At first, we flatten the output of our conv_layers.
The output was in the shape of $128 \times 3 \times 3$, so the flatten of that would be the multiplication of them.
First, linear layer takes the $128 \times 3 \times 3$ and makes an output with $128$ neurons.
And the last linear layer takes $128$ as its input shape and outputs the $10$ class that we have for MNIST.

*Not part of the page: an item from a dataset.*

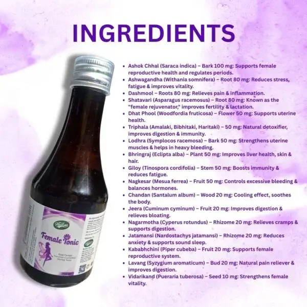 Ayurveda approaches women’s health through Stree Rasayana, a rejuvenative philosophy focused on nourishing reproductive tissues (Artava Dhatu), balancing Vata and Kapha doshas, and supporting emotional and hormonal stability over time. Rather than offering short-term symptom relief, this tradition emphasizes sustained vitality through herbal nourishment that enhances energy, digestion, immunity, and menstrual wellness. Nicolson Female Tonic reflects this holistic framework by combining classical Ayurvedic herbs known for supporting hormonal harmony, stress resilience, and reproductive strength—making it suitable for women managing fatigue, PMS concerns, irregular cycles, or lifestyle-related imbalances while maintaining long-term wellness.

Now, let’s give a batch of MNIST images to see if it works or not:
model = IRISClassifier()
model(images)
"""
--------
output:
tensor([[-0.0223, 0.0049, -0.0598, -0.0597, -0.0689, -0.0711, 0.0565, -0.0623,
0.0433, 0.0466],
[-0.0215, 0.0064, -0.0591, -0.0567, -0.0690, -0.0680, 0.0531, -0.0552,
0.0441, 0.0499],
...
[-0.0225, 0.0070, -0.0598, -0.0565, -0.0709, -0.0740, 0.0536, -0.0624,
0.0413, 0.0421]], grad_fn=<AddmmBackward0>)
"""
As you can see, our model predicts $10$ classes for each image, which is the thing that we wanted.
Train the model
Now, let’s change the last code (train_tensorboard.py) And change the data to MNIST and change the model to our new convolution model. I have already done that, and the changes are in train_mnist_conv.py. So let’s run it for $5$ epochs and see the output.
"""
--------
output:
mps
--------------------
epoch: 0
train:
loss: 0.2567
accuracy: 0.9219
validation:
loss: 0.0748
accuracy: 0.9757
--------------------
epoch: 1
train:
loss: 0.0736
accuracy: 0.9773
validation:
loss: 0.0575
accuracy: 0.9816
--------------------
epoch: 2
train:
loss: 0.0501
accuracy: 0.9843
validation:
loss: 0.0592
accuracy: 0.9813
--------------------
epoch: 3
train:
loss: 0.0363
accuracy: 0.9887
validation:
loss: 0.0389
accuracy: 0.9859
--------------------
epoch: 4
train:
loss: 0.0289
accuracy: 0.9912
validation:
loss: 0.0409
accuracy: 0.9854
--------------------
test:
loss: 0.0465
accuracy: 0.9863
"""
As you can see, we have reached a pretty good accuracy, and our loss is pretty low.
Conclusion
In this tutorial, we learned how Convolution works and how we can use it for image datasets. First, we explained the methodology of Convolution. Then, we showed how we can use Convolution, ReLU, and Flatten in PyTorch. After that, we made a model and calculated the output of each Convolution layer. Finally, we trained our model and saw the output.